HAE is caused by mutations in the SERPING1 gene (also known as C1NH), which codes for C1 inhibitor (C1-INH) protein.⁴ Two types of HAE that have been described according to C1-INH activity and levels. In HAE Type I, accounting for 80-85% of all patients, C1-INH protein quantity is decreased by nearly 35%.^1,4 In HAE Type II, serum levels of the protein are normal or elevated, but activity is reduced. A third type, HAE III, is associated with possible X-linked dominant inheritance and has been seen primarily in women.^1,2,5 The Ambry Test HAE AMPLIFIED™ is designed to detect mutations in the SERPING1 gene known to cause HAE Type I and Type II.

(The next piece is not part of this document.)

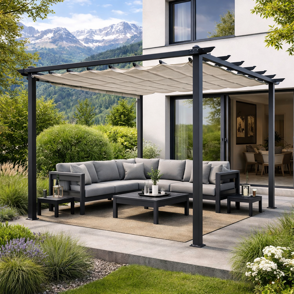 Il Gazebo pergola ASTORIA 3x4 metri è la soluzione ideale per creare una zona d’ombra elegante e funzionale in giardino, terrazza o area piscina. Il design moderno e lineare, abbinato alla copertura scorrevole richiudibile, permette di regolare facilmente luce e protezione in base alle esigenze quotidiane.

TESTING BENEFITS & INDICATIONS
Genetic analysis can provide confirmation of a clinical diagnosis of HAE. Once a mutation is identified in a patient, testing of other family members can help identify carriers before clinical manifestations are present.

TEST DESCRIPTION
This Ambry Test is a gene sequence analysis performed by PCR-based double-stranded automated sequencing in the sense and antisense directions for 5’UTR as well as coding exons 2-8 of the SERPING1 gene, plus at least 20 bases into the 5’ and 3’ ends of all the introns. If no mutation is detected, analysis for gross deletions/duplications of the SERPING1 gene is performed by the Multiplex Ligation-Dependent Probe Amplification (MLPA) kit, developed by MRC Holland.  Specific mutation analysis for individual SERPING1 mutations known to be in the family is also available.

MUTATION DETECTION RATE
Mutations in the SERPING1 gene have been associated with ~82% of clinically affected HAE patients.⁴ The Ambry Test: HAE AMPLIFIED (SERPING1) is designed and validated to be capable of detecting ~98% of described mutations in SERPING1 gene for HAE Types I and II.

SPECIMEN REQUIREMENTS
Blood: Collect 3-5 cc from adult or 2 cc minimum from child into EDTA purple-top tube (first choice) or ACD yellow-top tube (second choice). Store at room temperature or refrigerate. Ship at room temperature.
Blood Spot: Call for availability.
Saliva: Collect 2 ml into Oragene™ DNA Self-Collection container. Store and ship at room temperature.
DNA: Send 20 µg in TE at 50-100 ng/µl. Store frozen and ship on ice or dry ice.
Prenatal: Prenatal testing is available. Please call an Ambry Genetic Counselor to discuss your case.

REFERENCES
¹ Nzeako UC et al. Arch Intern Med. 2001;161:2417-2429.
² Zuraw BL. N Engl J Med 2008;359:1027-36.
³ Jensen NF et al. Anesth Analg. 1998;87:480-8.
⁴ Gosswein T et al. Cytogenet Genome Res 2008; 121:181-188.
⁵ Bork K et al. The Lancet 2000;365(9225):213-217.